On Sat, Jan 7, 2023 at 6:04 PM Benjamin Kaduk <bjkf...@gmail.com> wrote:
>
> CAUTION: This email originated from outside of the University of Guelph. Do 
> not click links or open attachments unless you recognize the sender and know 
> the content is safe. If in doubt, forward suspicious emails to 
> ith...@uoguelph.ca
>
> On Sat, Jan 7, 2023 at 1:50 PM Rick Macklem <rmack...@freebsd.org> wrote:
>>
>> The branch main has been updated by rmacklem:
>>
>> URL: 
>> https://cgit.FreeBSD.org/src/commit/?id=c33509d49a6fdcf86ef280a78f428d3cb7012c4a
>>
>> commit c33509d49a6fdcf86ef280a78f428d3cb7012c4a
>> Author:     Rick Macklem <rmack...@freebsd.org>
>> AuthorDate: 2023-01-07 21:49:25 +0000
>> Commit:     Rick Macklem <rmack...@freebsd.org>
>> CommitDate: 2023-01-07 21:49:25 +0000
>>
>>     gssd: Fix handling of the gssname=<name> NFS mount option
>>
>>     If an NFS mount using "sec=krb5[ip],gssname=<name>" is
>>     done, the gssd daemon fails.  There is a long delay
>>     (several seconds) in the gss_acquire_cred() call and then
>>     it returns success, but the credentials returned are
>>     junk.
>>
>>     I have no idea how long this has been broken, due to some
>>     change in the Heimdal gssapi library call, but I suspect
>>     it has been quite some time.
>>
>>     Anyhow, it turns out that replacing the "desired_name"

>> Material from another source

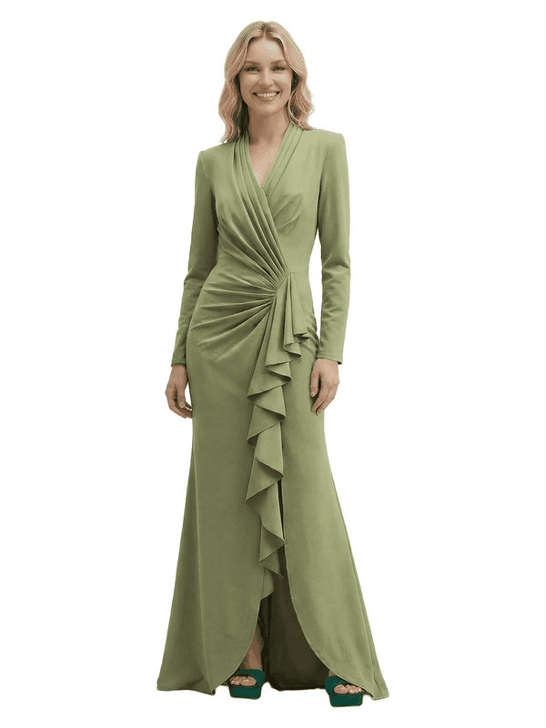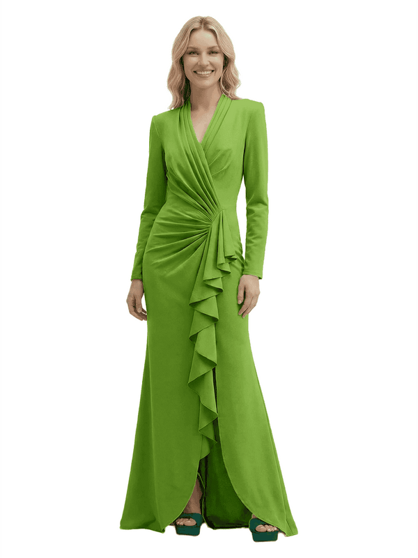 Embellishment: Front Slit, Ruffle, Ruching
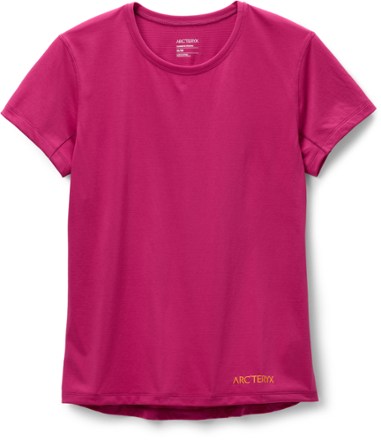 This is a good technical shirt for high output activities. The seams are nicely flat-locked, the material is breathable, and the fit is breezy without being baggy. It dries fast. I like wearing fun colors trail running, and the magenta and orange with the Arc'teryx fossil logo is great. My only improvement is that the fossil logo is on the back and you can't see it with a hydration vest or backpack. (size petite 6, wearing W's medium)

>>     argument with GSS_C_NO_NAME fixes the problem.
>>     Replacing the argument should not be a problem, since the
>>     TGT for the host based initiator credential in the default
>>     keytab file should be the only TGT in the gssd'd credential
>>     cache (which is not the one for uid 0).
>>
>>     I will try and determine if FreeBSD13 and/or FreeBSD12
>>     needs this same fix and will MFC if they need the fix.
>>
>>     This problem only affected Kerberized NFS mounts when the
>>     "gssname" mount option was used.  Other Kerberized NFS
>>     mount cases already used GSS_C_NO_NAME and work ok.
>>     A workaround if you do not have this patch is to do a
>>     "kinit -k host/FQDN" as root on the machine, followed by
>>     the Kerberized NFS mount without the "gssname" mount
>>     option.
>>
>
>
> Hi Rick,
>
> This doesn't seem like a good long-term fix.
> If we're going to have a gssname argument, we should actually make
> it take effect, rather than silently ignoring it, which is what using 
> GSS_C_NO_NAME
> does (it indicates the use of "any credential", which ends up meaning the
> default credential when used on a GSS initiator).
>
> It should be possible to inspect the "junk" credential from gss_acquire_cred()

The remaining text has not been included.